## WHAT IS REQUIRED
One range is to be output from the listing below, exactly as written: the line with "بریلی 03 مئی" to the line with "MÅLNINGAR i MARK", both kept.

## DATA RECORDS
● ● ● ● ●
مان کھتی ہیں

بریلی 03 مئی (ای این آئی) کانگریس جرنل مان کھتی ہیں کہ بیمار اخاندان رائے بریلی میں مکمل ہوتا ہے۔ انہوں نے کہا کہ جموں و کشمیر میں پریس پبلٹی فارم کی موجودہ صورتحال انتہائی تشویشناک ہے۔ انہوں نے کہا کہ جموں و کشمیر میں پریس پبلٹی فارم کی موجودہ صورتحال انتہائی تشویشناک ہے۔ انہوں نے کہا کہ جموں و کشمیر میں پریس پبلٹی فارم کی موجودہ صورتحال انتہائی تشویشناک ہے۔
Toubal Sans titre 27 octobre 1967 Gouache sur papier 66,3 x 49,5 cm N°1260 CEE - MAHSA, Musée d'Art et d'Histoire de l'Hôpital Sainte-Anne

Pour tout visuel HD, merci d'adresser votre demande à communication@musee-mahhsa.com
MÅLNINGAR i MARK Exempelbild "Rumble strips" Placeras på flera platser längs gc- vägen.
● ● ● ● ●
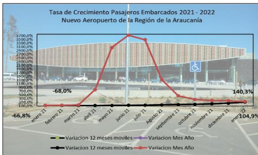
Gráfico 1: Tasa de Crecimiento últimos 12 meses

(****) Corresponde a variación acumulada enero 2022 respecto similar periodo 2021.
● ● ● ● ●
## SOLUTION BELOW
بریلی 03 مئی (ای این آئی) کانگریس جرنل مان کھتی ہیں کہ بیمار اخاندان رائے بریلی میں مکمل ہوتا ہے۔ انہوں نے کہا کہ جموں و کشمیر میں پریس پبلٹی فارم کی موجودہ صورتحال انتہائی تشویشناک ہے۔ انہوں نے کہا کہ جموں و کشمیر میں پریس پبلٹی فارم کی موجودہ صورتحال انتہائی تشویشناک ہے۔ انہوں نے کہا کہ جموں و کشمیر میں پریس پبلٹی فارم کی موجودہ صورتحال انتہائی تشویشناک ہے۔
Toubal Sans titre 27 octobre 1967 Gouache sur papier 66,3 x 49,5 cm N°1260 CEE - MAHSA, Musée d'Art et d'Histoire de l'Hôpital Sainte-Anne

Pour tout visuel HD, merci d'adresser votre demande à communication@musee-mahhsa.com
MÅLNINGAR i MARK Exempelbild "Rumble strips" Placeras på flera platser längs gc- vägen.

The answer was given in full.